- The Washington Times - Friday, October 28, 2005

LITTLE ROCK, Ark. (AP) — The Arkansas Supreme Court yesterday rejected the state’s bid to collect $3.5 million in taxes from Bill Clinton’s presidential library foundation, ruling the nonprofit business was entitled to a tax break meant for economic development.

The court said unanimously that any legitimate business, including nonprofit ones, was entitled to the aid.

The William J. Clinton Presidential Foundation sought the tax break in 2002 as it built the $165 million museum complex on the south bank of the Arkansas River downtown. The state said the foundation wasn’t eligible, but the foundation argued that the library and museum center brought tourists and helped generate jobs.

“We are very pleased. We believed from the beginning that we qualified for this program,” foundation President Skip Rutherford said. “This sends the message that Arkansas is nonprofit friendly, and that nonprofits can be economic generators.”

The Arkansas Department of Economic Development didn’t dispute the economic benefits of the library — development in downtown Little Rock has soared since Mr.
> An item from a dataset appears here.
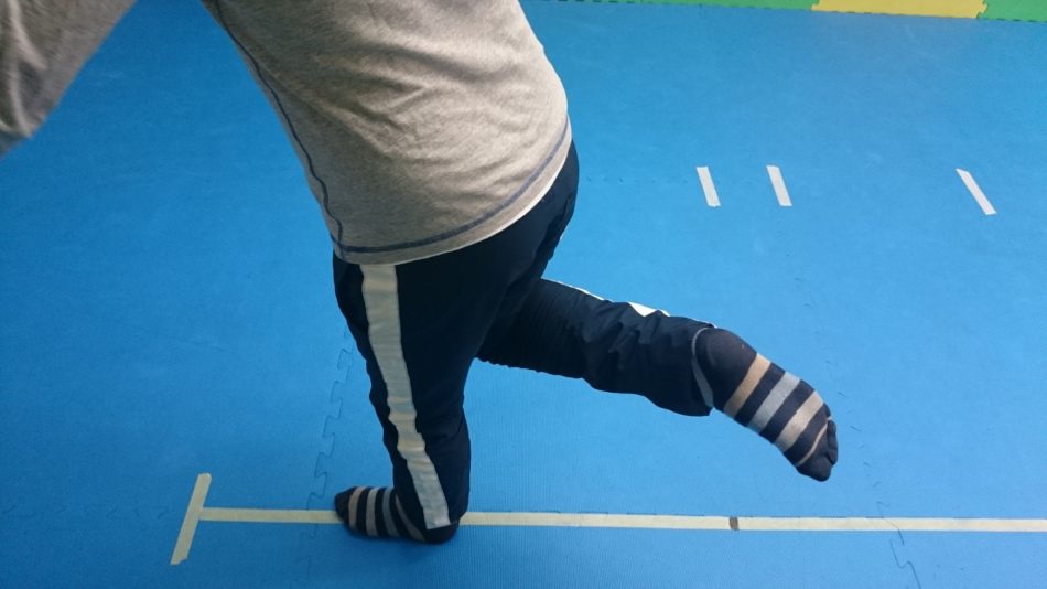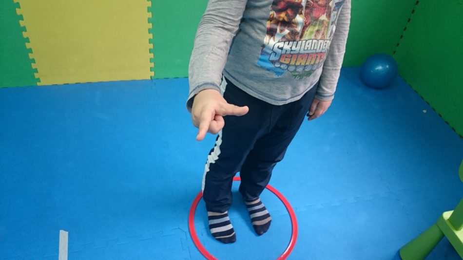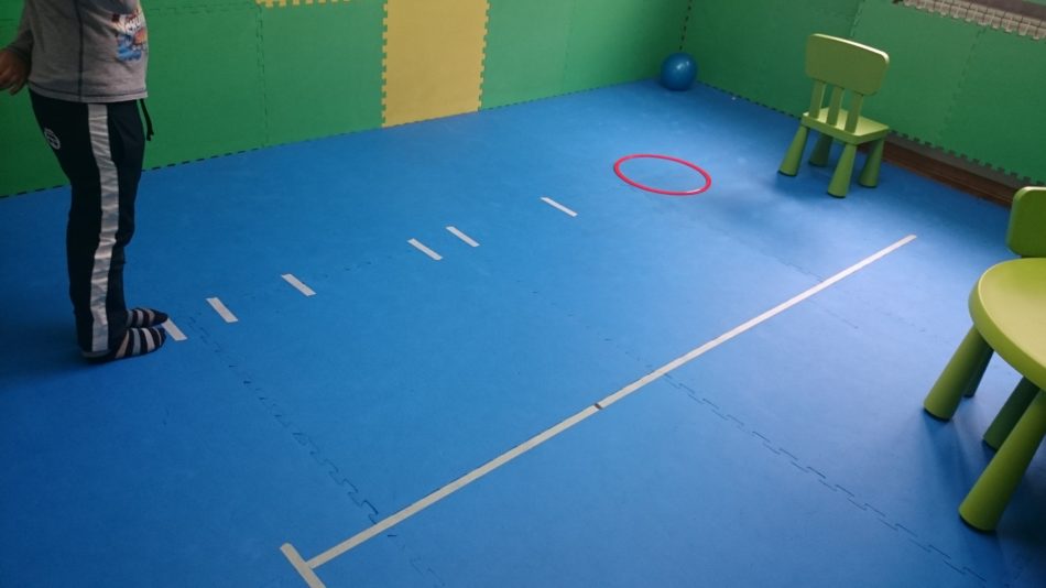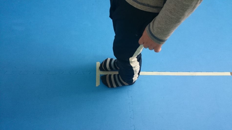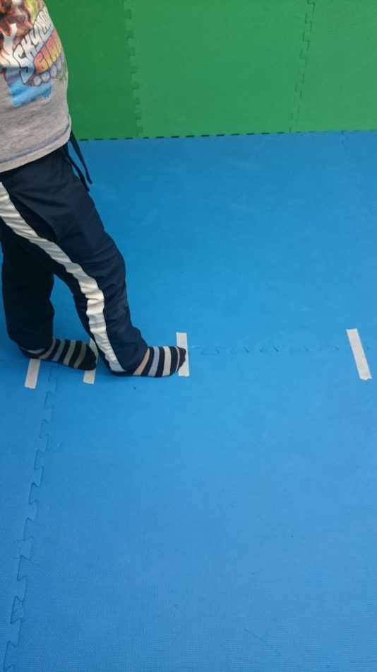 Objasnite detetu da će praviti korake tako što će pratiti papire na podu. Treba da krene sa desnom nogom, a zatim levom. Zatim da skoči u krug, zatvori oči, stoji mirno i broji do pet. Nakon toga, treba da izađe iz kruga i obiđe dva puta oko stolice, ide po zalepljenoj traci sporo (tako da mu peta jedne noge dodiruje prste druge noge) sve do obeleženog mesta flomasterom na traci odakle treba da hoda brzo i stane na obeleženom mestu.

Clinton said in the 1990s that he would build his library here — but interpreted the tax-incentive law differently.

“All along this was a dispute about a tax incentive, not about the economic importance of the Clinton Presidential Library,” said Mitch Chandler, a spokesman for the economic agency.

The Arkansas Enterprise Zone Act of 1993 provided for refunds of sale and use taxes by “any legitimate business enterprise” that meets certain state guidelines, including whether the business serves as a corporate or regional headquarters, doesn’t sell material to the general public and employs 25 or more people.

Legislators added the words “for profit” to the law in 2003, but the Supreme Court noted that at the time the foundation applied for the tax break, the statute did not prohibit nonprofits from receiving it.

The state Supreme Court members are elected in nonpartisan races.